À chaque jour son grand maître américain. Après Francis Ford Coppola, venu présenter jeudi son nouveau film Tetro en ouverture de la Quinzaine des réalisateurs, Martin Scorsese était de passage aujourd'hui sur la Croisette afin de parler des derniers films restaurés par la World Cinema Foundation (WCF), dont il est le président et fondateur.

Le cinéaste de Raging Bull et de Goodfellas, en pleine post-production de son prochain long métrage, Shutter Island, présentait en soirée The Red Shoes (1948), de Michael Powell et Emeric Pressburger, un film dont un personnage du dernier Coppola dit justement «qu'il doit être vu avant de mourir».
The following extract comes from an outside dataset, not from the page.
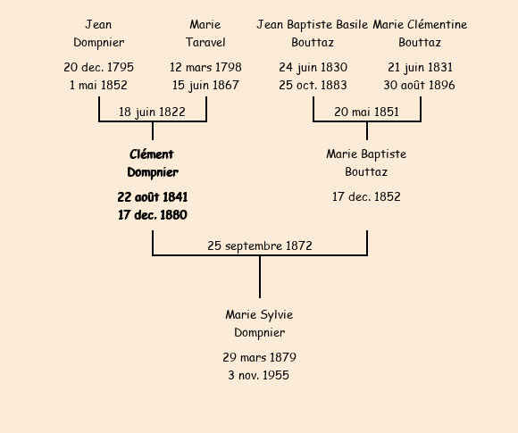 Epouse : Marie Baptiste Bouttaz (19 ans, née le 17 décembre1852, du Chef Lieu, cultivatrice, a signé), fille de Jean Baptiste (cultivateur au Chef Lieu, a signé) et de Clémentine Bouttaz (cultivatrice au Chef Lieu, n'a pas su signer) |

«C'est un film qui a influencé beaucoup de cinéastes de ma génération, dit Martin Scorsese. Francis (Coppola) le cite souvent en exemple. Brian De Palma dit que c'est LE film qui l'a poussé à devenir cinéaste. Je me souviens très bien de l'avoir vu avec mon père, à 8 ans, à New York. Mais c'est un film qui, comme bien d'autres, avait besoin d'être préservé et restauré.»
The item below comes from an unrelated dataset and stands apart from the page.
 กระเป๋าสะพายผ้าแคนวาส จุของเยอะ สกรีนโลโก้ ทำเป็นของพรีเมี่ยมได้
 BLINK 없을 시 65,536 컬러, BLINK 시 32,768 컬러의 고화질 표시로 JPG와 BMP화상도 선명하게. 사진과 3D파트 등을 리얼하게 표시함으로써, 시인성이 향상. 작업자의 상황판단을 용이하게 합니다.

C'est l'objectif que s'est donné la WCF, un organisme à but non lucratif: sauvegarder et faire connaître des œuvres trop longtemps négligées, partout dans le monde. Un travail de longue haleine - il faut libérer des droits, trouver les fonds nécessaires - qui peut prendre jusqu'à 20 ans.

Les films restaurés par la WCF font chaque année l'objet d'une première au Festival de Cannes. Cette année, dans le cadre de la série Cannes Classics, on pourra entre autres redécouvrir des films d'Edward Yang, de Fred Zinnemann et Emilio Gomez Muriel, ainsi que le grand classique oublié de la cinématographie égyptienne, Al Momia, de Shadi Abdel Salam.

«Vous serez surpris, mais j'ai la fâcheuse habitude d'être pessimiste, a lancé Scorsese en conférence de presse, avec son humour habituel. Les films sont fragiles et se détériorent rapidement s'ils ne sont pas conservés dans de bonnes conditions. Ces conditions, malheureusement, varient beaucoup d'un pays à l'autre.»

Toujours passionné

Le plus cinéphile des cinéastes américains (voir son documentaire Il mio viaggio in Italia) est conscient que l'effort de préservation de sa fondation n'est pertinent que si les oeuvres peuvent être diffusées. C'est la raison pour laquelle il a annoncé une collaboration avec la cinémathèque virtuelle Les Auteurs, le diffuseur B-Sides et la célèbre maison Criterion, qui produira des DVD des films restaurés.

«Je crois que nous pouvons faire une différence en rendant ces films disponibles. Évidemment, dans certains pays où nous travaillons, il y a des gens qui n'ont pas de quoi se loger ou se nourrir. Je ne crois pas que ce soit une raison pour ne pas protéger leur culture.»

Le cinéaste de 66 ans, qui parle avec une rare passion de son art, regrette que 90 % du cinéma muet ait déjà disparu et que des œuvres de cinéastes incontournables comme Orson Welles ou Erich von Stroheim ne soient plus disponibles. «Tellement de films ont été négligés. La perte est énorme», dit-il.

Comment la WCF choisit-elle les titres qu'elle décide de protéger?

«Les membres de la fondation suggèrent des films. J'ai aussi des passions pour certains titres et pour certains cinéastes. Nous considérons évidemment l'état des copies existantes, en donnant la priorité à celles qui sont le plus abîmées, mais nous évaluons aussi la longévité et l'importance des œuvres. Plus il y a de films restaurés, plus les gens les voient, et plus il y aura de films préservés.»